### Assigned task:
Return only the lines from the top of the data down to the one that holds "Скульптура виставляється разом", both included, without any pictures.

### Collected data:
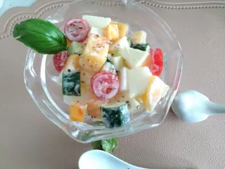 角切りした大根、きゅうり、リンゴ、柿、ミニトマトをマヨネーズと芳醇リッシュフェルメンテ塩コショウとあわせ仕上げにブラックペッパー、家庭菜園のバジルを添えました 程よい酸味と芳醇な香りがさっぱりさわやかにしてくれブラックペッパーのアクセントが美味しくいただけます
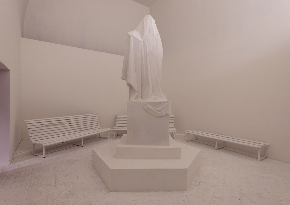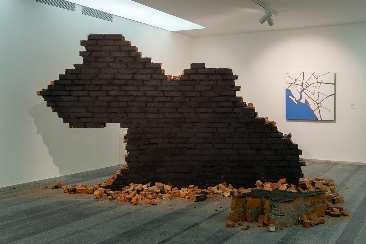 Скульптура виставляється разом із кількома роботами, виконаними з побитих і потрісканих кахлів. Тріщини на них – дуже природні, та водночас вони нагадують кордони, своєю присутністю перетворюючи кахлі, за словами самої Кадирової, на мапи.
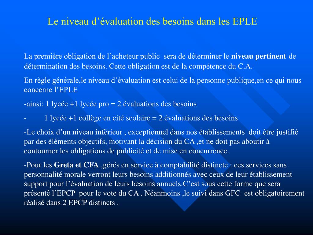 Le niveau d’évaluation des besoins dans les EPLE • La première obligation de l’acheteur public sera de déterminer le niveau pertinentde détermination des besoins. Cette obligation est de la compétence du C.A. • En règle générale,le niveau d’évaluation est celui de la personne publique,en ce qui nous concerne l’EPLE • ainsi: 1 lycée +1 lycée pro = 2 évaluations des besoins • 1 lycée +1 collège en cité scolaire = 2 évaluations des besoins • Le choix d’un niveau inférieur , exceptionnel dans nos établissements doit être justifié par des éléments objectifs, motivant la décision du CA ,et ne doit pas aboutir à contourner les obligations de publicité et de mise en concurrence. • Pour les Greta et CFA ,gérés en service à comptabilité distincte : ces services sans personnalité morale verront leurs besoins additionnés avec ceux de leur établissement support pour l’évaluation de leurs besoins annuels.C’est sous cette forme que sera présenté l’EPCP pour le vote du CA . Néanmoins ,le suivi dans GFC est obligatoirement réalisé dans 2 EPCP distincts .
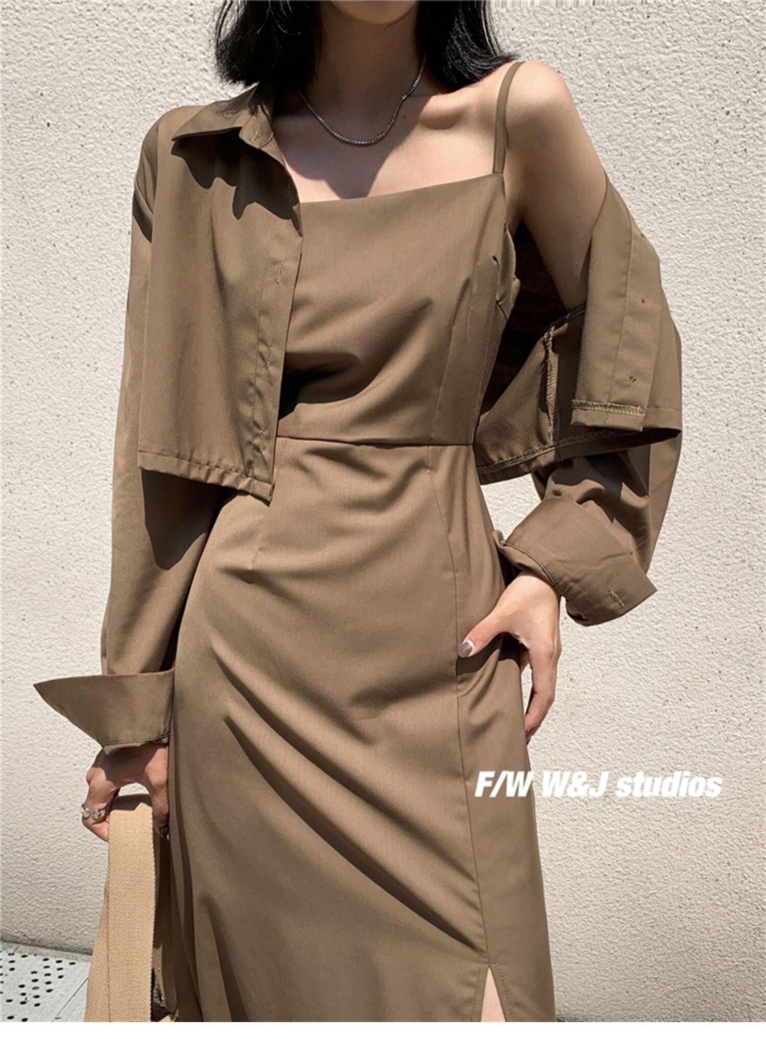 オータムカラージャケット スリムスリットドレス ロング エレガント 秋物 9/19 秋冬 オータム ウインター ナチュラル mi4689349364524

### Answer for the task:
 角切りした大根、きゅうり、リンゴ、柿、ミニトマトをマヨネーズと芳醇リッシュフェルメンテ塩コショウとあわせ仕上げにブラックペッパー、家庭菜園のバジルを添えました 程よい酸味と芳醇な香りがさっぱりさわやかにしてくれブラックペッパーのアクセントが美味しくいただけます
 Скульптура виставляється разом із кількома роботами, виконаними з побитих і потрісканих кахлів. Тріщини на них – дуже природні, та водночас вони нагадують кордони, своєю присутністю перетворюючи кахлі, за словами самої Кадирової, на мапи.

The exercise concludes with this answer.